The 23-year-old from Manasquan River Golf Club gained a 3-and-2 victory over 2014 champion and qualifying medalist Jeff Osberg at Stonewall thanks in large part to his chipping and putting.

Jeremy Wall hits his second shot on the par-4 sixth hole.
Jeremy Wall hits his second shot on the par-4 sixth hole.Read moreYONG KIM / Staff Photographer

Jeremy Wall described his golf game Saturday in terms that were flattering and unflattering.

“I can’t hit a driver, and I’ve got a crazy short game,” he said.

It’s the crazy short game that enabled Wall to become the first back-to-back champion of the BMW Philadelphia Amateur championship in 25 years, as he defeated Jeff Osberg, 3 and 2, on an ideal weather day at Stonewall in Chester County.

Over the 34 holes of the match, Wall, 23, went 11-for-14 on putts of 10 feet or less and his chipping saved him a number of times. He almost holed out a 40-yard pitch on the 10th hole of the afternoon session and made a 6-foot par putt there to halve the hole.

“I don’t think I even really practice it,” he said of his short game. “I practice my swing just trying to keep it on the planet so I don’t come out here and embarrass myself. But the short game for whatever reason comes so natural. I see the topography and see the way the greens are shaped and just the shot that’s required.

“I have a pretty creative imagination. Around here, it’s served me pretty well. With some of these pin locations, where they can put them with the tiers and ridges, it came in handy. It might have been an advantage for me.”

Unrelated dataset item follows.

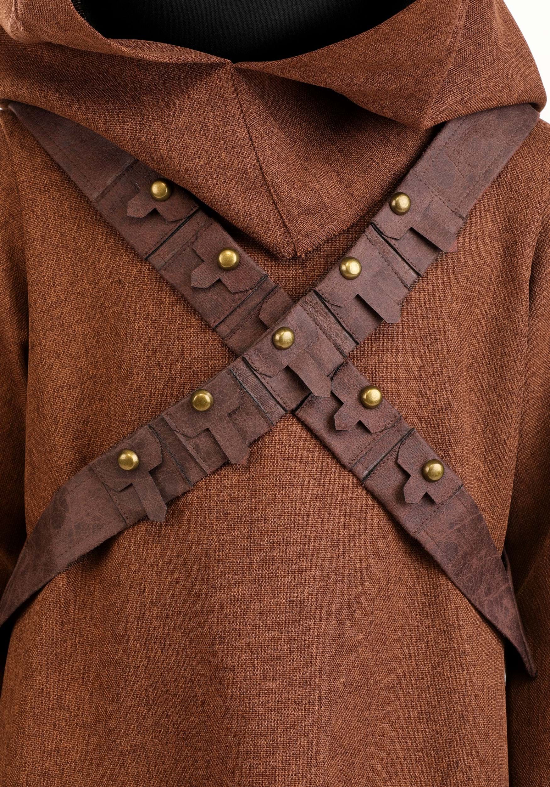 This costume includes two adjustable crossbody belts that feature faux suede pouches. The ornamental pouches enhance the authentic Jawa aesthetic, adding a fun, functional touch to the outfit.

Wall, a Manasquan River Golf Club member from Brielle, N.J., never trailed in the final. He sank a 6-foot par putt at the 18th hole to take a 5-up lead at the lunch break and held off a late charge by Osberg, 34, of Bryn Mawr, the 2014 Amateur champion from Pine Valley and this year’s qualifying medalist.

“He probably used his short game more than he liked today, but when he needed it, it was spectacular,” Osberg said. “He made a ton of big putts, a ton of crucial par saves.”

Twice Osberg made runs at Wall in the afternoon. He won back-to-back holes at 7 and 8, the latter when Wall surprisingly lipped out a 3-footer for par, to cut the deficit to 3-down. But Osberg found the water with his tee shot at the par-3 ninth, which Wall won with a bogey.

Osberg, a two-time GAP player of the year, later won 13 with a birdie and 14 with a conceded birdie, reducing Wall’s lead to 2-up. But at the difficult par-3 15th, Osberg scuffed a chip and wound up with double bogey, making the score 3-up with three to play.

“It seemed like every time I got something going, I just couldn’t keep it,” Osberg said. “When you’re 5-down, you really don’t have much room to let anything slip away, but I hung in there and battled back at least to make it interesting with four holes to play.”

Wall fittingly closed out the match after missing the green left at No. 16 and chipping to 8 feet. After Osberg barely saw a 20-foot birdie try slide by, Wall drained the par putt for the victory, becoming the first repeat champion since Chris Lange in 1993 and 1994.

“If I had been thinking back-to-back at the beginning of the week, that would have been overthinking it way too much,” said Wall, who has won his last 10 matches in Amateur competition. “It sounds like a cliché, but you look at every match as a new challenge. The fact that it’s a repeat is pretty cool, especially because nobody had done it in a while.”